R5: Compare with SAM models. We compare with MedSAM[*] on Abd-MRI:
LK RK Spl. Liv. Avg. MedSAM 68.59 73.61 67.14 76.87 71.55 Ours 74.01 78.90 68.83 78.98 75.18
Our method beats MedSAM on all organs. We see the potential for further refining larger models, and we’ll explore it in future research. [*] Segment Anything in Medical Images, arXiv, 2023.
Future Plan
R3: Clinical application. We’ll investigate more clinical applications, such as rare diseases and malformed organs, where data and annotations are scarce and costly.
Typos
We thank the reviewers for pointing out the typos. We will correct them in the final manuscript.
Post-rebuttal Meta-Reviews
Meta-review # 1 (Primary)
- Please provide your assessment of the paper taking all information into account, including rebuttal. Highlight the key strengths and weaknesses of the paper, clarify how you reconciled contrasting review comments and scores, indicate if concerns were successfully addressed in the rebuttal, and provide a clear justification of your decision. If you disagree with some of the (meta)reviewer statements, you can indicate so in your meta-review. Please make sure that the authors, program chairs, and the public can understand the reason for your decision.
I am happy with the rebuttal as it has addressed major concerns raised especially by R1, and other reviewers. Authors have done a good job with the rebuttal with 2 reviewers upgrading their scores.
Meta-review #2
- Please provide your assessment of the paper taking all information into account, including rebuttal. Highlight the key strengths and weaknesses of the paper, clarify how you reconciled contrasting review comments and scores, indicate if concerns were successfully addressed in the rebuttal, and provide a clear justification of your decision. If you disagree with some of the (meta)reviewer statements, you can indicate so in your meta-review.
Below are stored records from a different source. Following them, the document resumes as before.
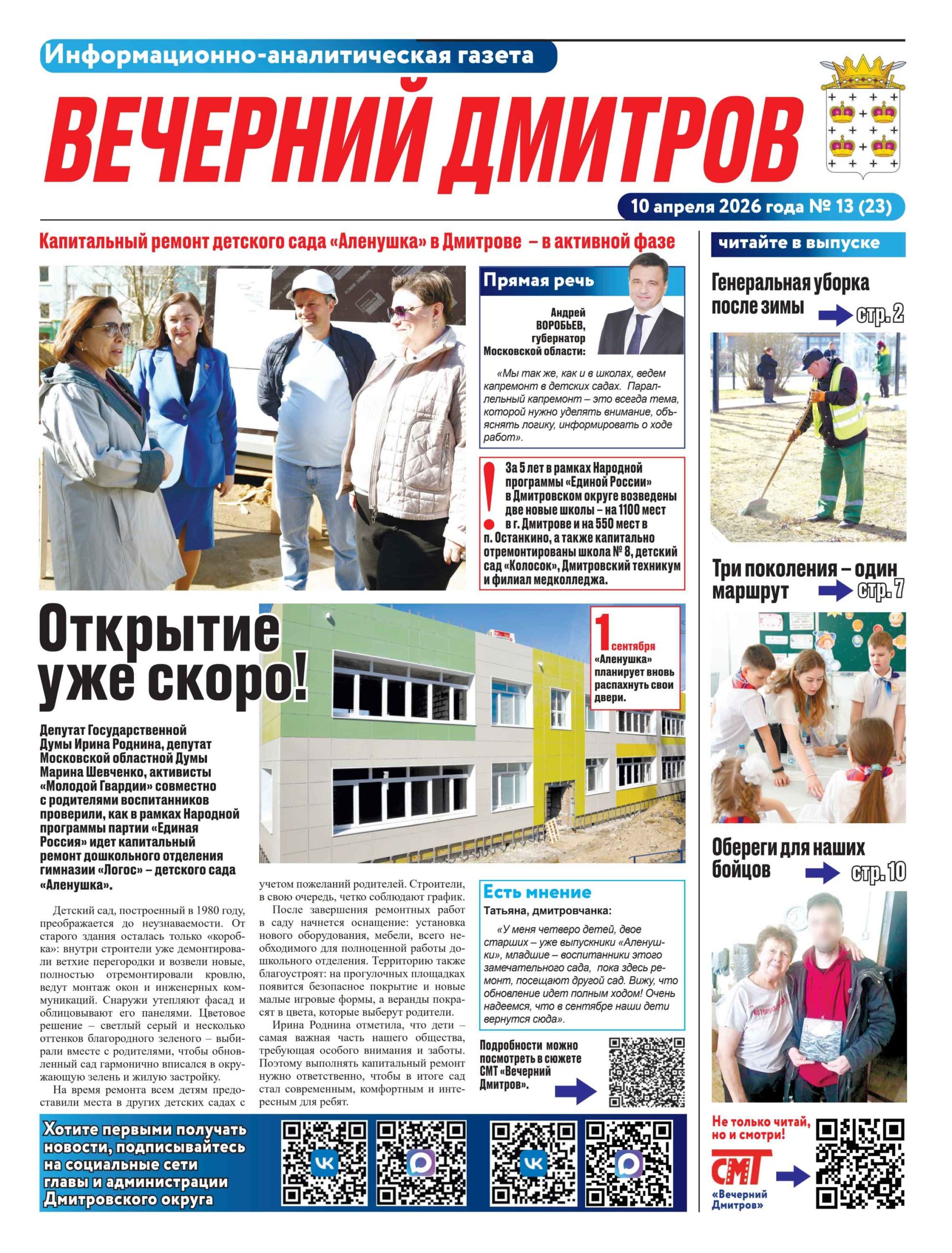 Главная страница » «Вечерний Дмитров» Выпуск № 23 от 10 апреля 2026г.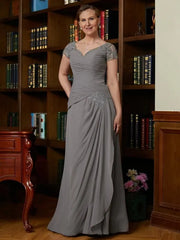Chiffon Applique Sweetheart Princess Short Sleeves Floor-Length Mother of the Bride Dresses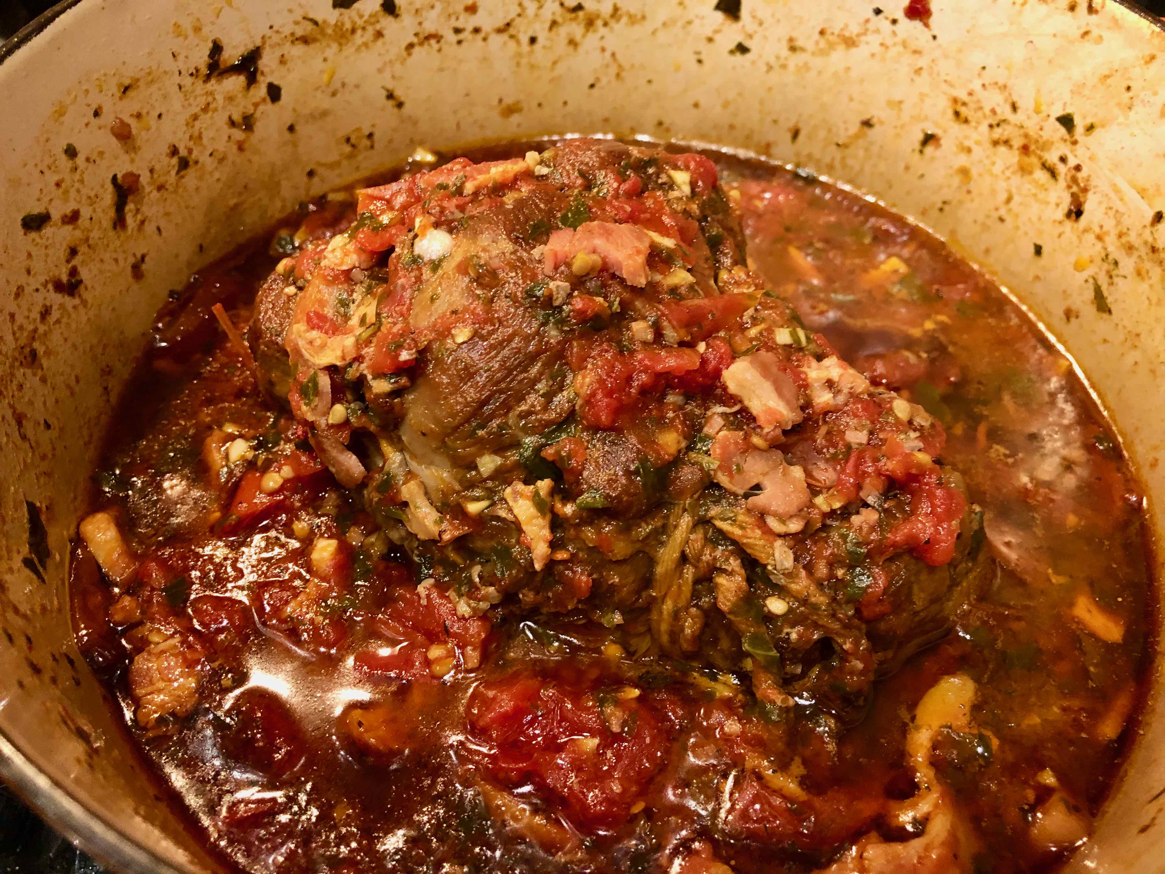 9. Cover and simmer 1 1/2 – 2 hours, or until the lamb is tender. During cooking, occasionally turn the meat and stir the sauce. After the first hour, check the level of liquid in the pot and continue cooking either covered or uncovered as necessary to thicken the sauce.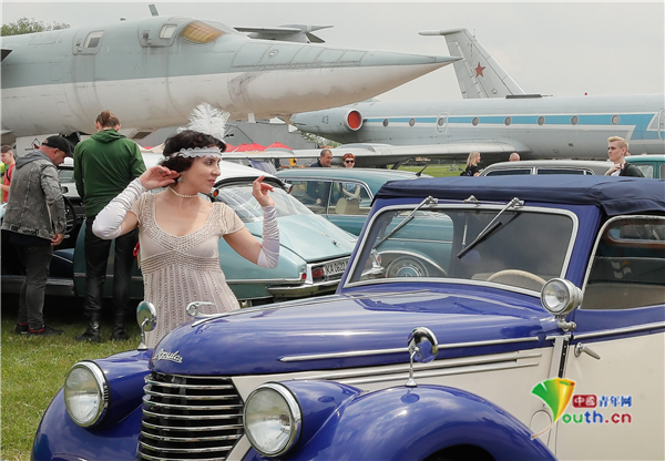 当地时间2021年5月28日,乌克兰基辅,在“OldCarLand”汽车展上,一名身着古装的女子在一辆旧车旁摆姿势。展览在乌克兰航空博物馆的一个地点举行,展出了世界上不同生产商的数百辆旧车和摩托车。

Please make sure that the authors, program chairs, and the public can understand the reason for your decision.
The paper proposes a method for few-shot learning in CT and MRI images using attention. The reviewers raised several concerns about the novelty of the work and asked for some clarification regarding some of the terms. The authors provided a proper rebuttal and even (although not necessary) include results on additional experiments in their rebuttal. Two reviewers have raised their rating from 5 to 6, and 4 to 5, respectively. Based on these reviews and rebuttals, I’d suggest acceptance for this work.
As a small sidenote: I’d recommend the authors use the original names of the datasets that they have used (e.g., CHAOS) out of respect for the composers of those data sets.
Meta-review #3
- Please provide your assessment of the paper taking all information into account, including rebuttal. Highlight the key strengths and weaknesses of the paper, clarify how you reconciled contrasting review comments and scores, indicate if concerns were successfully addressed in the rebuttal, and provide a clear justification of your decision. If you disagree with some of the (meta)reviewer statements, you can indicate so in your meta-review. Please make sure that the authors, program chairs, and the public can understand the reason for your decision.
This paper introduces a novel few-shot medical image segmentation framework based on cross masked attention transformer. Reviewers enquired about method novelty and justification, as well as further bolstering of experimental results. In my view, the major concern was one of technical novelty as the ideas of cross-attention, prototype learning and iterative refinement have been previously explored. The author feedback addresses this by highlighting the novelty in use of mutual information between support and query features.
Hence, my recommendation is to accept this paper. Would suggest that the authors update camera ready in accordance with all reviewer feedback, with particular focus on the motivation, related work and contribution sections of the paper.